Motivational Moment: “If hunger is not the problem, then eating is not the solution.” ~Unknown. Ask yourself, am I really hungry or am I thirsty, fatigued, bored or upset?

Good Morning Monday. Hello again and welcome to another week. Our focus this week is nutrition. How many of you read food labels? How many of you even know how to read food labels? I mean, what does all of that stuff really mean and why does it matter? Well first of all, what does matter is that food labels show you the portion size of the food they are referring to along with the nutrition and ingredients in the food. Many of us get up in the morning, put cereal in a bowl, add milk and eat. We don’t measure or weigh the cereal we just pour it from the box into the bowl. Chances are, we are eating way more than we realize when we are doing this. For example, many cereals show 1/2 cup to be 1 serving so the nutrition label is based on that. I don’t know about you but when I just pour it into a bowl, I usually end up with between 1 1/2 to 2 cups of cereal.  This means that we are consuming way more than we think we are in calories and carbohydrates. Check out the following article for more information on reading nutrition labels and how that will help you now and in the stabilization and maintenance phases of the Ideal Protein Protocol.
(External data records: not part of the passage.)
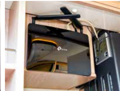
Router für die Vernetzung des Smart-D-Bordsystems und für internes Wlan.

Alein die Aufzählung aller Technik-Komponenten würde den Rahmen dieses Textfeldes sprengen. Also sprechen wir über Funktionen. Die leistungsfähige Lichtanlage, deren Komponenten tadellos eingebaut sind, kann vom zentralen Farbbildschirm aus geschaltet und gedimmt und mit einem Fingertipp als Mood-Light inszeniert werden. Klar muss man sich mit dem Kabe etliche Stunden auseinandersetzen, um alle Komponentenfunktionen zu kennen, was die klar gekennzeichneten Icons auf dem Smart-D-Bildschirm aber vereinfachen. Dann aber freut man sich über warme Füße und warme Handtücher, über voll tönende Lautsprecher samt digitalem Empfang, die Möglichkeit, Frisch- und Abwasser per Tastendruck zu entsorgen und vom Füllalarm überwacht nachzutanken, über das konkurrenzlose Raumklima individuell temperierter Bereiche und Böden, über die Induktionskochfelder, die alles binnen Minuten zum Kochen bringen, über die Mikrowelle für den Snack zwischendurch, den Ofen samt Grill, 14 Steckdosen, neun USB-Ports, die induktive Lade-
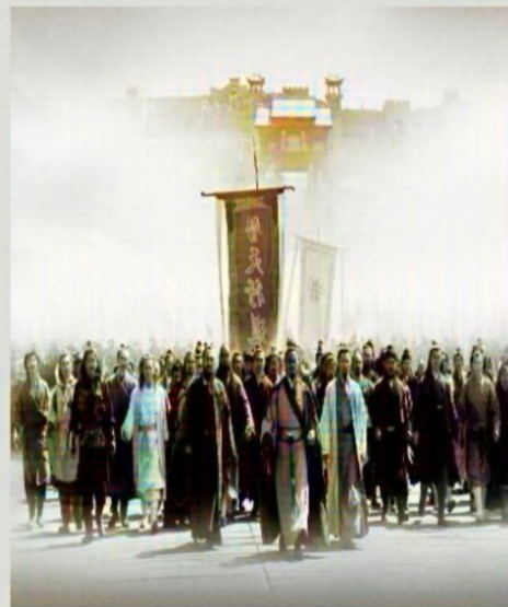
图二：好汉聚义梁山泊
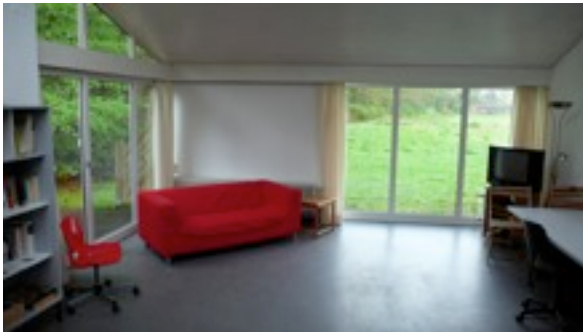
Der große Wohn- und Arbeitsraum des Atelier Nummer Eins.
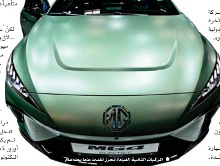
المركبات الذاتية القيادة تعزز تقدماً عالياً بعد عام

والتي يصل سعرها إلى مبلغ مؤلف من ستة أرقام. وحصلت شركة هوندا على موافقة أولي على مستوى العالم لبيع سيارات
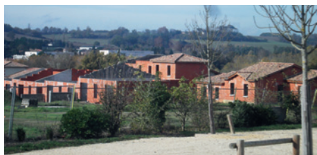
Les logements inachevés de Bourdilot repris par Habitatys
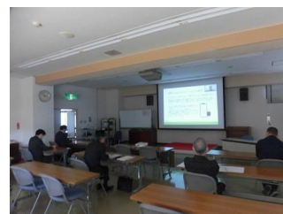
第 3 回セミナー 共同視聴会
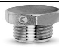
TAPPO MASCHIO TE CILINDRICO
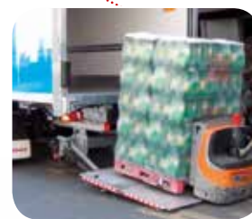
HAYON ÉLÉVATEUR RÉTRACTABLE
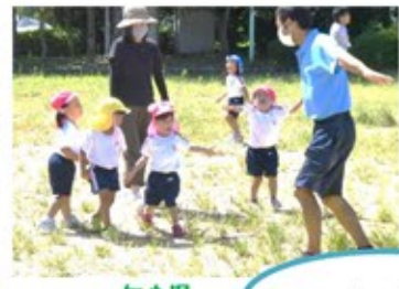
年少児 体育あそび

https://www.eatrightontario.ca/en/Articles/Nutrition-Labelling/Decoding-the-Nutrition-Label.aspx

Recipes

How many of you find you are missing your “bread”?  Well here is a recipe that might make you feel like you are having your “bread” and eating it too.

Ideal Protein Herb and Garlic Potato Rolls

Prep time: 5 mins
Cook time: 10 mins
Total time: 15 mins
Serves: 1
Ingredients
  • 1 pack of Ideal Protein Potato Puree
  • 6 tbsp 100% Egg Beater Egg Whites or 2 egg whites
  • ½ tsp baking powder
  • ⅛ tsp baking soda
  • ¼ tsp fresh or dash of dried rosemary
  • ¼ tsp garlic
  • Olive oil spray
Instructions
  1. Preheat oven to 350 degrees.
  2. Whip egg whites until bubbly – not stiff.
  3. Mix all other ingredients in with the whipped egg whites.
  4. Spray 5 muffin tin slots with olive oil spray and pour mixture about ½ of the way full.
  5. Bake in the oven for 8-10 minutes.
Missing your desserts?  Want something yummy and decadent?  How about trying this:

 

Chocolate Mug Cake
1 pkg Chocolate Drink (or any IP drink – do not use pudding)
1 egg white
1 teaspoon baking powder
1 tablespoon olive oil
1 teaspoon splenda
Splash of vanilla

Put the drink mix in a big mug and add enough water to bring it to a slightly watery pudding consistency, just enough to be able to mix easily. Add the other ingredients (egg white, baking powder, olive oil, splenda, vanilla). Mix it like crazy with a big fork till it’s silky smooth the put it in the microwave for 3 minutes ON TOP OF A BIG PLATE – Watch as it expands like crazy and let cool and then ENJOY!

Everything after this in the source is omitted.